22 июля 1921 г. оборона испанских главных сил вокруг города Анваль пала за несколько часов штурма в ужасающем кровавом хаосе и без упорного сопротивления, которого можно было ожидать от природной горячей храбрости испанцев. Несколько рот туземной милиции-"харки", не долго думая, перешли на сторону соплеменников и ударили по испанцам с тыла. Около 11.00 испанские части, перемешавшись с гужевыми и автомобильными обозами, лазаретами с ранеными и вывозимой артиллерией, стали отступать из города двумя колоннами в направлении на север. А так как большинство окрестных высот уже были захвачены рифскими повстанцами, колонны попали под ураганный артиллерийско-пулеметный огонь, начали во множестве терять людей и транспорт и быстро ударились в беспорядочное бегство.
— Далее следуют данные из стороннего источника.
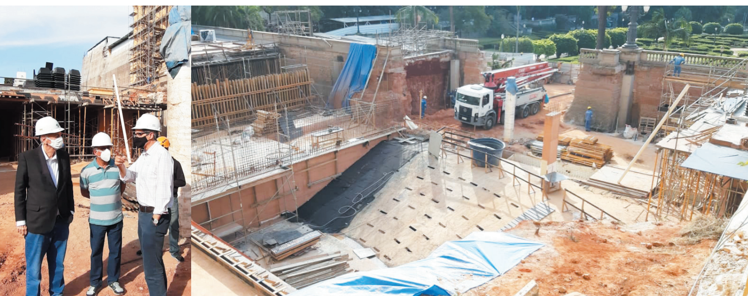
O conselheiro do TCM Domingos Dissei, visitou as obras do museu e anunciou que também haverá reformas no jardim

O Conselheiro do Tribunal de Contas do Município (TCM), Domingos Dissei, juntamente com a equipe técnica de seu Gabinete, realizou uma visita guiada nas obras de restauro e reforma do Museu do Ipiranga.

Офицеры, в лучшем случае, были бессильны, в худшем - драпали, обгоняя своих солдат.
Катастрофа при Анвале, ставшая для испанской военной традиции именем нарицательным, могла бы закончиться полным уничтожением испанских войск, если бы не злые упрямые "регулярес" во главе с майором Лламасом. Они устояли на позициях к югу от города, т.е. на направлении главного удара рифийцев, прикрыли тем самым беспорядочное отступление своих войск и отошли последними из всех, организованно, с минимальными потерями.
Количество жертв испанских колониальных войск в поражении при Анвале подсчитать довольно сложно. После войны испанское военное ведомство посчитало солдат и офицеров погибших, пропавших без вести и выживших при разгроме войск генерала Сильвестре с точностью до человека, надо отдать должное! Но впереди у испанцев было еще одно не менее кровопролитное поражение при Монте-Арруит, погибали люди в отдаленных гарнизонах, в боях местного значения. Логично предположить, что при провальной обороне Анваля и еще более провальном отступлении от города полегло много больше половины защищавших его солдат.
Испанская пропагандистская открытка, изображающая "геройскую гибель" генерала Сильвестре при обороне Анваля.
Офицеры его штаба действительно почти все полегли в ближнем бою, только генерала среди них не было.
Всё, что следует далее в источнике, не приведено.